JAKARTA - Tim Gubernur untuk percepatan Pembangunan (TGUPP) kini tengah menjadi sorotan publik pasca bergabungnya Kelik ke dalam tim tersebut setelah pengunduran dirinya dari jabatan Kepala Dinas Perumahan Rakyat dan Kawasan Permukiman.

Kinerja Kelik masih di bawah rata-rata dan dainggap tidak dapat memenuhi kegiatan strategis daerah sesuai perjanjian kinerja. Kelik kemudian memilih mengundurkan diri dan mencoba bergabung TGUPP. Selain Kelik, ada iga PNS yang sudah bergabung ke TGUPP. Mereka adalah mantan Kepala Biro Umum; Firmansyah, mantan Kepala Biro Administrasi; Lutfi Arifin serta mantan Wakil Kepala Pajak dan Retribusi Daerah; Yuandi Bayak Miko.

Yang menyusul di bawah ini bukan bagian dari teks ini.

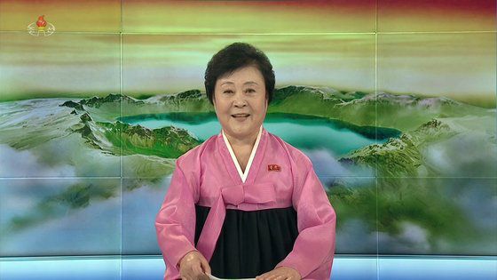 북한 조선중앙TV에 출연해 김정은 국무위원장의 공개활동을 전하는 이춘히 아나운서 모습. [연합뉴스] |
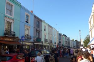 An diesem Samstag ließen wir es ruhig angehen. Ich nutzte den Vormittag, um eine Maschine Wäsche zu waschen, vor allem mit Kleidung von Felix, denn anders als der Rest der Familie würde er am Montag nicht nach Hause, sondern gleich weiter nach Bremen reisen und dort noch fünf Tage bleiben, also brauchte er frische Wäsche. Gegen Mittag nahmen wir den Bus 328 zum Notting Hill Gate und tauchten ein in den Trubel am Portobello Market. Und natürlich durfte auch ein Fotostopp am Notting Hill Book Shop (bekannt aus dem Film „Notting Hill“ mit Julia Roberts und Hugh Grant) nicht fehlen:
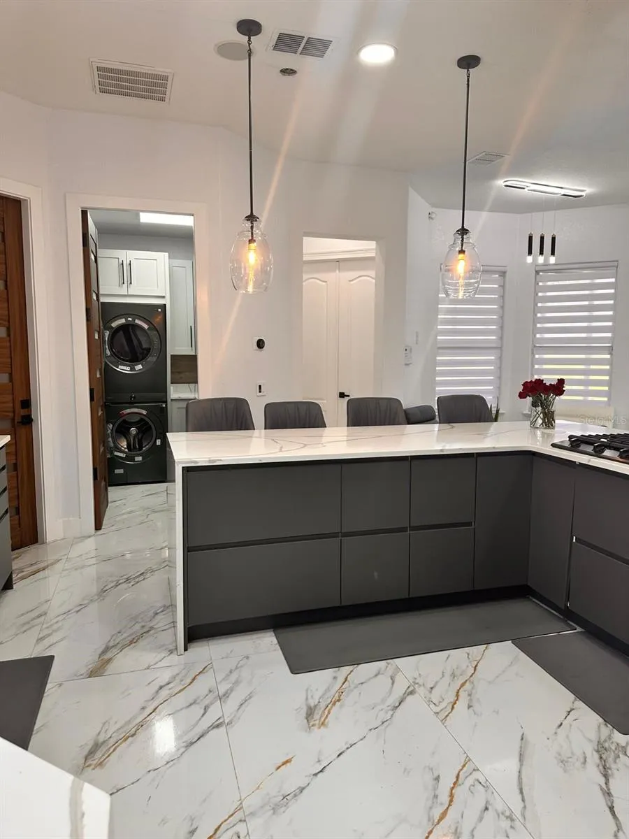 The chef’s dream kitchen features quartz countertops, modern cabinetry, ample storage, a walk-in pantry with an extra refrigerator, smart Samsung appliances, a gas stove (with available electric hookup), and a full-house water filtration system with additional UV filters.\r\n
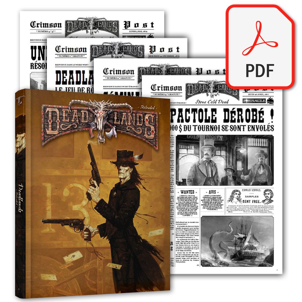 - Deadlands Reloaded - Livre de Base (PDF) : un jeu mêlant Western et magie, inventions improbables et créatures indicibles, dés, jetons et cartes de poker. Plus sombre, plus rapide, plus fluide, il est désormais propulsé par Savage Worlds, un nouveau système plus efficace qui garde néanmoins toute la saveur de l’édition précédente.
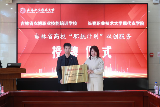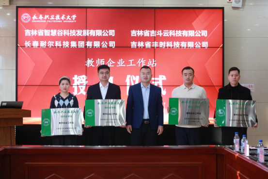 与长春耐尔科技集团等4家企业合作共建“教师企业工作站”,孙利国副院长现场为企业授牌。学院作为吉林省高校“职航计划”双创服务中心,将为在校生提供创业指导、就业支持与项目孵化等一站式服务,马霁枫副院长代表学院接受授牌。
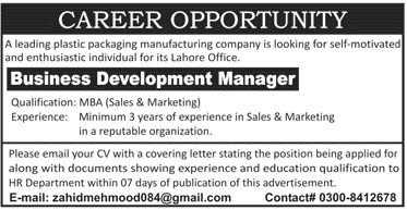 Business Development Manager Career Opportunity
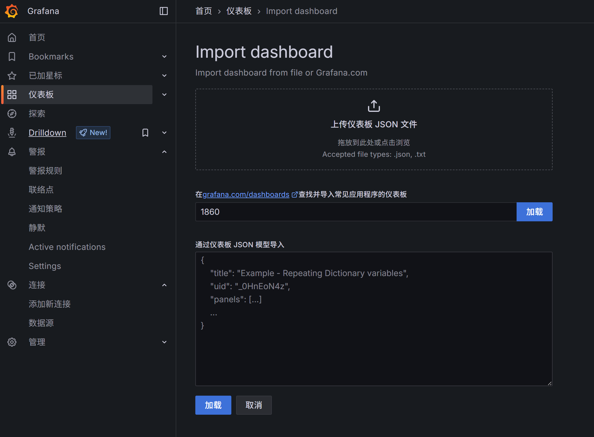 我们搭建监控,最主要是为了监控服务器主机的性能,已经有成熟的可视化模版了,选择导入即可
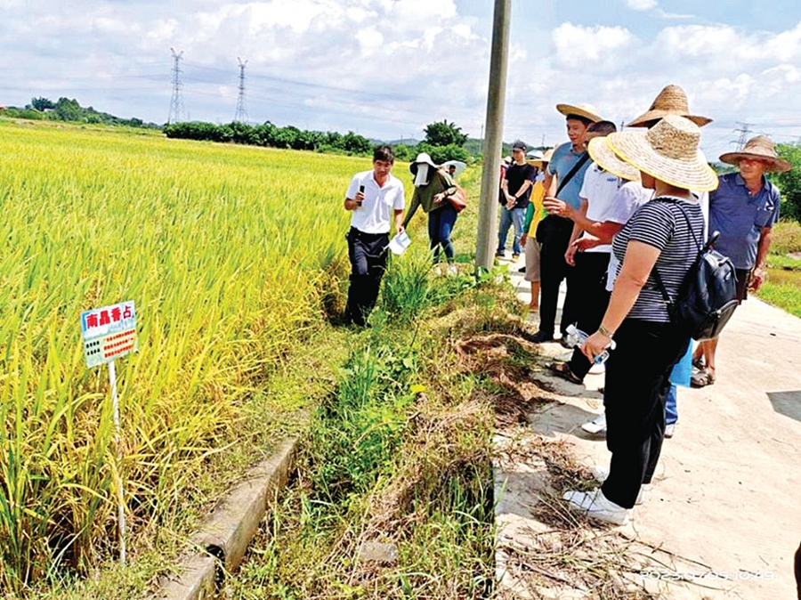 當看到品質優(yōu)、抗性好、產量高的水稻品種——南晶香占,種植大戶簡秀英像挖到了寶,馬上向農技人員索要品種名稱,表示自己有十幾畝地,下半年將大面積種植這個優(yōu)良品種。
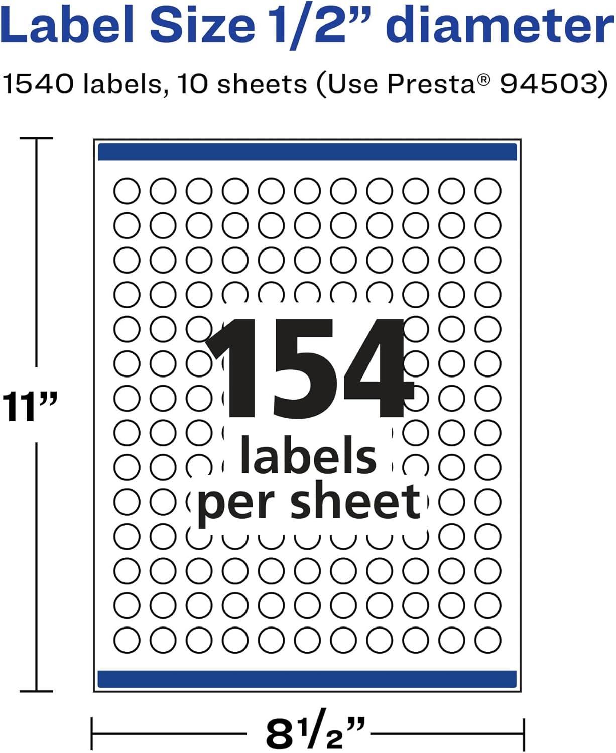 Avery Matte Clear Round Labels, Sure Feed Technology, 0.5″ Diameter, 1,540 Matte Clear Labels, Print-to-The-Edge, Laser/Inkjet Printable(3 850 labels)

Menyoroti hal ini, Badan Kepegawaian Daerah (BKD), Kahidir langsung menepis adanya anggapan TGUPP berisi orang buangan. Chaidir menjelaskan TGUPP justru berisi orang ahli yang pernah menjabat Eselon I. Mereka lebih mengetahui historia perkembangan dinamika pemprov DKI Jakarta.

“dan perlu saya luruskan juga Tim TGUPP ini bukan orang-orang sembarang, rata-rata ya banyak orang yang cerdas dan memang ahli di bidangnya sesuai yang diharapkan. Orang yang bekas menjabat itu justru jadi penasehat. Karena orang ex-pejabat itu kan rata-rata ex-eselon I di lingkungan DKI” ungkap Chaidir (28/02/20).